◆ **Extracted data**
=== Begin Enclosure ===

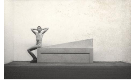
Scott Burton, Section III. Sexual Presentations [alternating aggressive and passive] , 1980

Scott Burton: Shape Shift features an array of little- or never-before-seen video, photographs, Polaroids, sketches, notes, and a poster related to Burton's proscenium performances. These include an oak table found and altered by Burton and repurposed as a performance prop; sketches that diagram movement, directions, and timing for performances; and Individual Behavior Tableaux (1980), the only known video of Burton's performance oeuvre, which documents the artist's last performance before he turned to furniture/object making full-time. Shot at the Berkeley Art Museum, the video is a glacially slow enactment of a variety of gestures, poses, and behaviors. The poses stem not only from Burton's study of nonverbal communication, but also allude to the bodily cues that signal sexual availability within gay cruising culture.
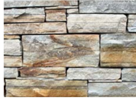
▲ Gold Quartzite
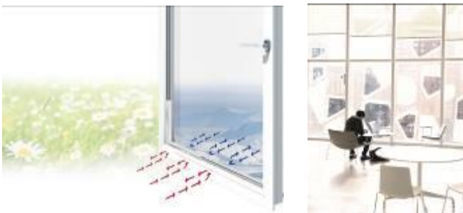
Photo 5 + 6: Warm Edge spacers like Thermix permit particularly energy-efficient insulating glazing, e.g. in the new Student Learning Center at Ryerson University in Toronto, Canada.

High-quality pictures: Download ZIP or via press.info@oha-communication.com
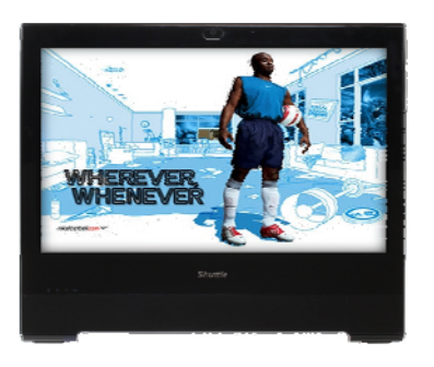
Digital Signage Visual advertising, entertainment, displaying information in public areas
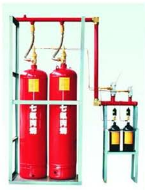
FM200 automatic extinguishing system
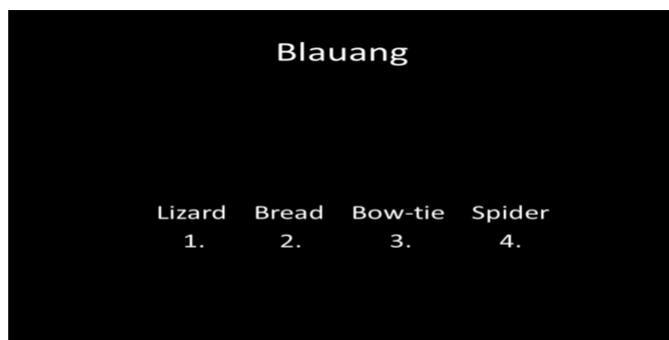
Figure 3. Example of Knowledge Check. After five words, participants were asked to perform a knowledge check in which they would be presented the Palauan translation and asked to select the English translation from four words given, using the keys 1 through 4 on the keyboard. This process repeated with five more blocks, each consisting of five new words.
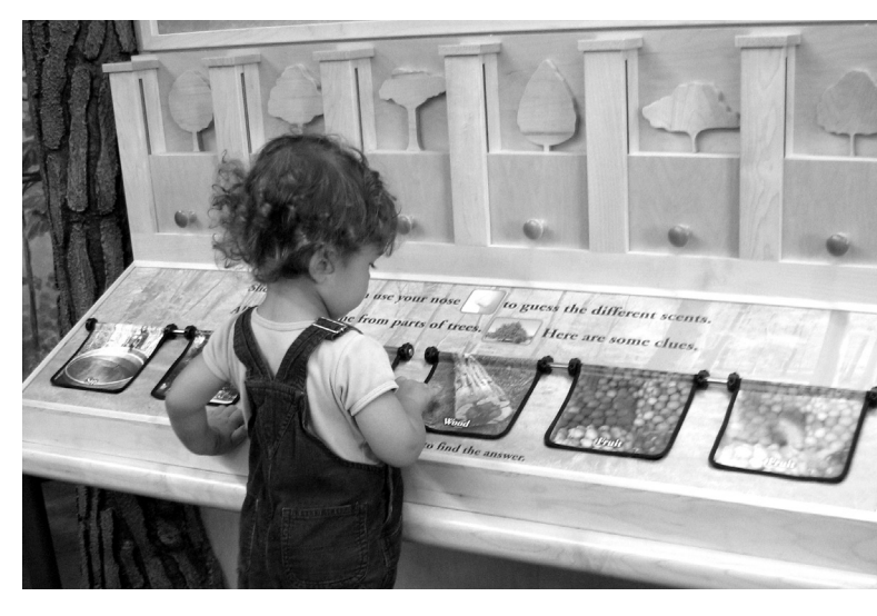
EXHIBITS offerane ffective way to combine sound, illustrations, real objects and narrative information. Although many are permanently housed in an interpretive center, don't overlook opport unities for portable displays for schools, banks, public buildings, fairs and meetings.
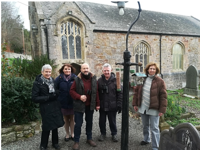
Above: Some of the participants in the RSPB Big Garden Birdwatch at St Cystennin's
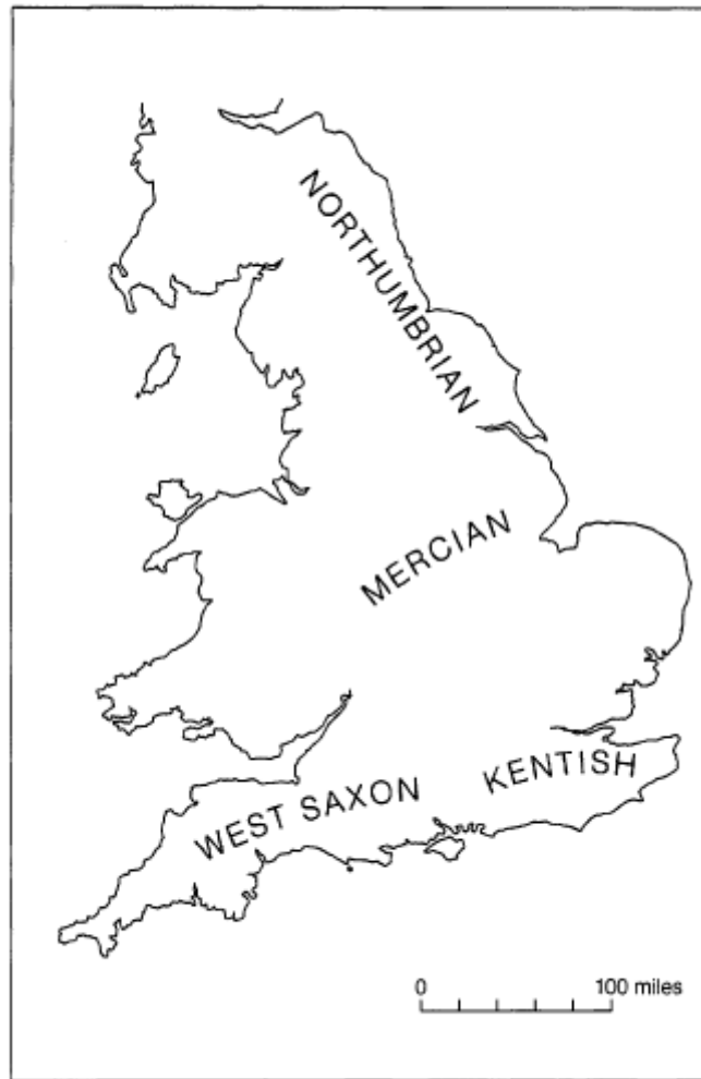
Figure 2.2 Old English dialects (Knowels, 1997; p. 35)

=== End Enclosure ===

◆ **What you should do**
When you reach the line that has "High-quality pictures: Download" in the data above, start repeating lines exactly, and stop after the line that has "FM200 automatic extinguishing system"; pictures stay out.

◆ **Your response**
High-quality pictures: Download ZIP or via press.info@oha-communication.com
Digital Signage Visual advertising, entertainment, displaying information in public areas
FM200 automatic extinguishing system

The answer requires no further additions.